■ **About this task**
Once you find the line with "Полка настенная навесная" in the listing below, set down exactly every line from it through the line with "Bouquet élégant et", but no pictures.
--- Dataset content ---
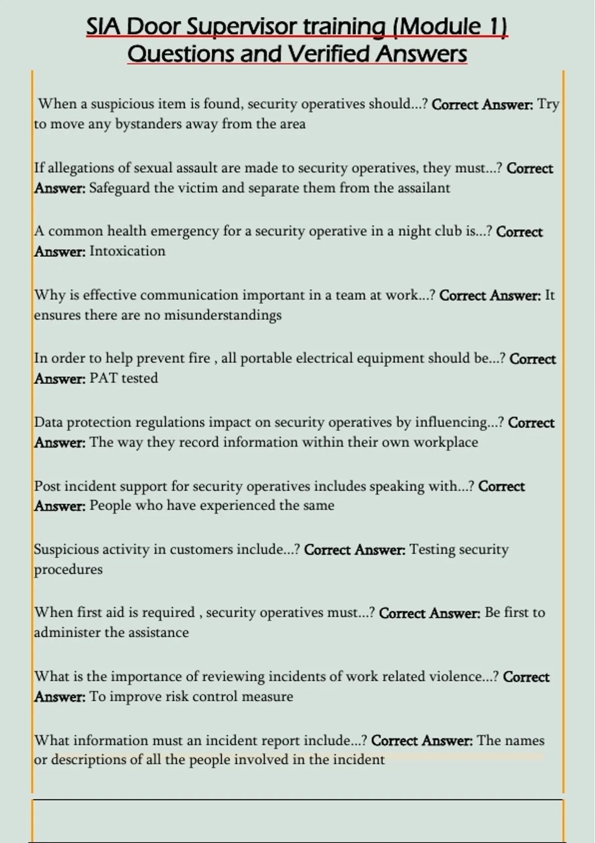 SIA Door Supervisor training (Module 1) Questions and Verified Answers
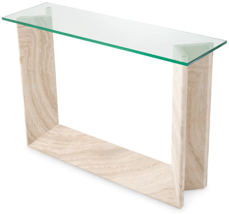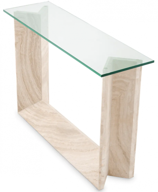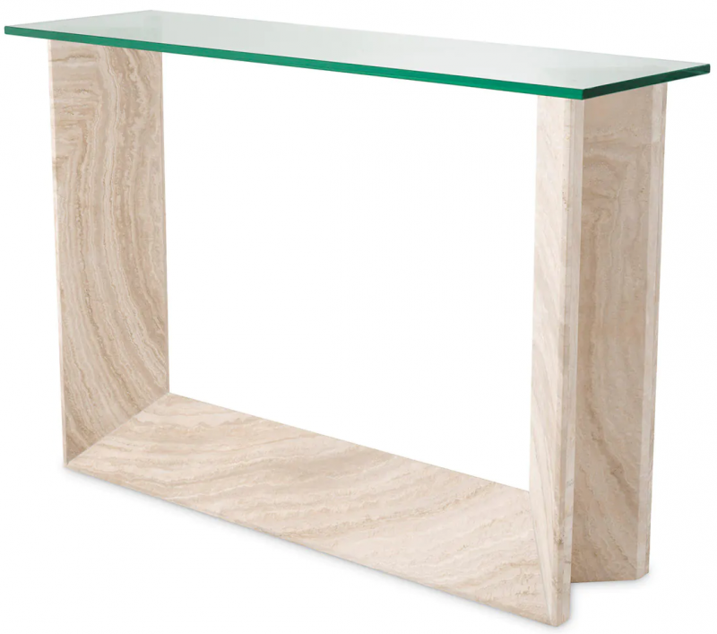 Indulge in the opulence of the Fortuna Console Table, a masterpiece of exquisite design. Crafted from the finest travertine, each piece is hand-selected to ensure a one-of-a-kind look rich in unique character and natural beauty. The clear rectangular glass top adds a touch of glamour and sophistication, creating a stunning contrast against the organic textures of the travertine.
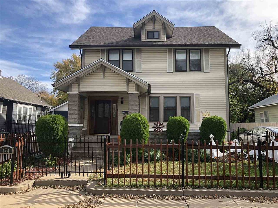 Located in historical Delano neighborhood on peaceful street with mature trees. This traditional Craftsmen home boasts an enormous living with original hardwood floors, crown molding and staircase, built-in cabinetry, gas fireplace and many windows for natural lighting. Updated kitchen with gas stove and pantry. Main floor laundry just off kitchen. Formal dining room with original pocket doors and hardwood floors. Study or library just off dining room. Upstairs with three large bedrooms. Master bedroom has private bath with separate sitting room. Much storage room in basement. Amazing backyard with patio, deck, sprinkler system and pond with waterfall. Oversized 2-car garage with bathroom. House and garage have vinyl siding. Upgraded electric box, replacement windows and kitchen appliances. House has been wired for generator. Beautiful covered front porch! So many extras!
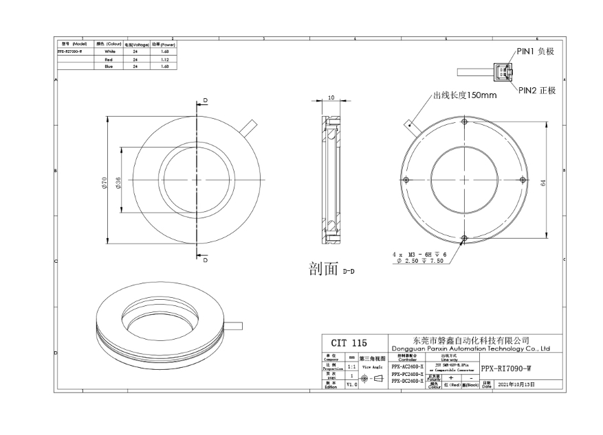 PPX 磐鑫 PPX-RI7090 环形光源 应用范围 通用外观检测/物体有无识别/PCB基板检测/字符识别/显微镜照明/塑胶容器检测 产品特点 不同角度设计360°环形照射无死角,突出产品三维信息。 高密度LED排列亮度高,照射均匀。 选配漫反射板,光线柔和均匀性更强。 光源电源线采用定制设计的出线卡扣提高光源抗拉扯,耐摇摆性能10倍以上。 技术指标 手机/微信:13682357734 电话:0755-84690029 QQ: 2844337877 邮箱:2844337877@qq.com...
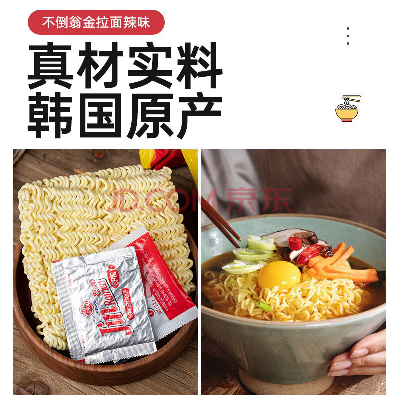 商品相册:不倒翁韩国进口 辣味金拉面120g*5包 潘帅同款泡面 香辣韩式方便面袋装第
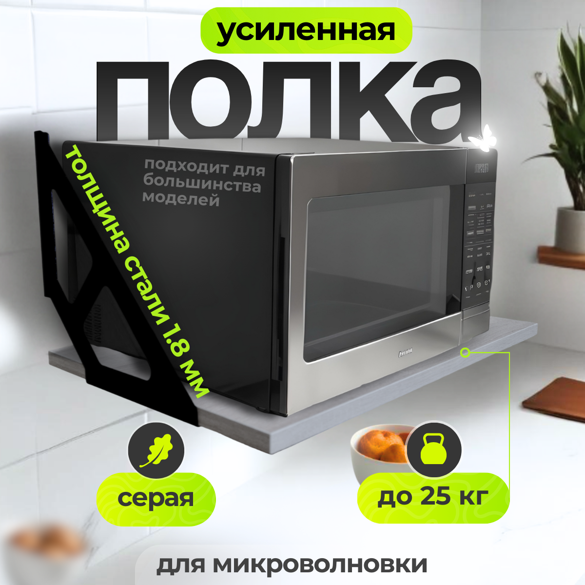 Полка настенная навесная для микроволновки на кухню
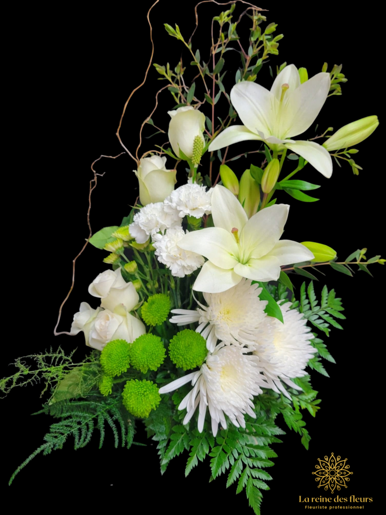 Bouquet élégant et délicat pour condoléances comprenant des lys et des roses blanches, des marguerites vertes, des œillets et des chrysanthèmes.
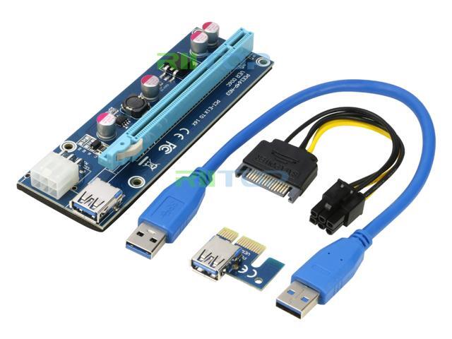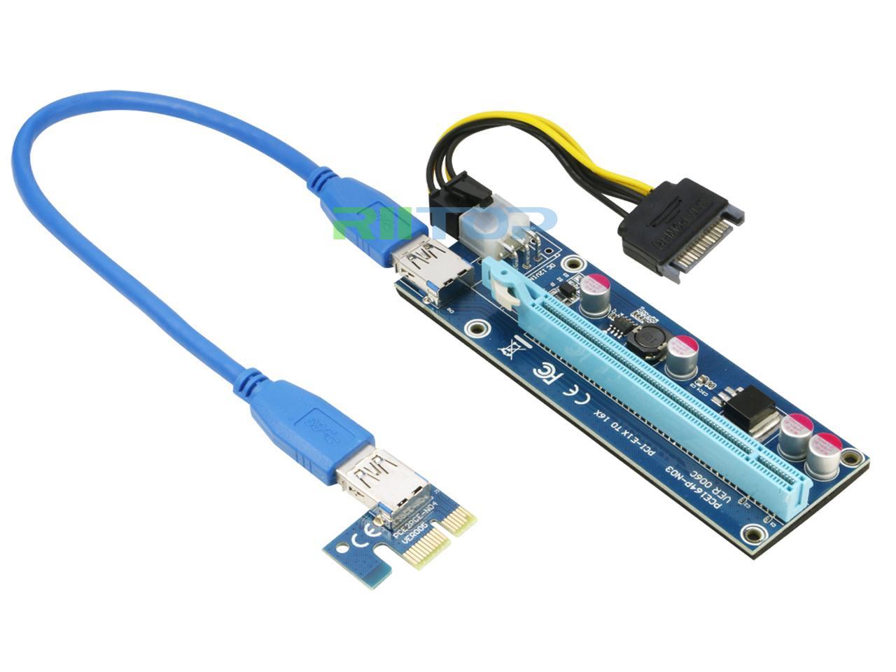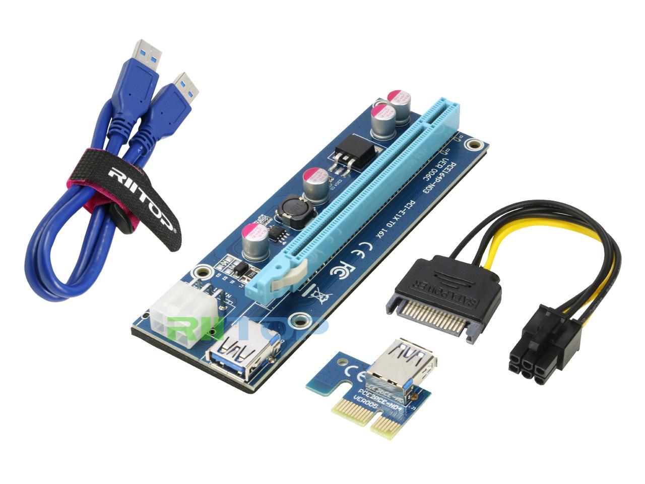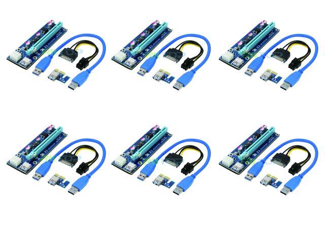 USB Bitcoin Miner, RIITOP 6Pack Mining PCI-e Express Riser Cable Card Adapter PCI Express 1x to 16x Riser Extender Monero BTC ETH BCH XRP with USB 3.0 Cable 60CM + 15Pin SATA to 6Pin Power Cable
---
■ **Answer space**
 Полка настенная навесная для микроволновки на кухню
 Bouquet élégant et délicat pour condoléances comprenant des lys et des roses blanches, des marguerites vertes, des œillets et des chrysanthèmes.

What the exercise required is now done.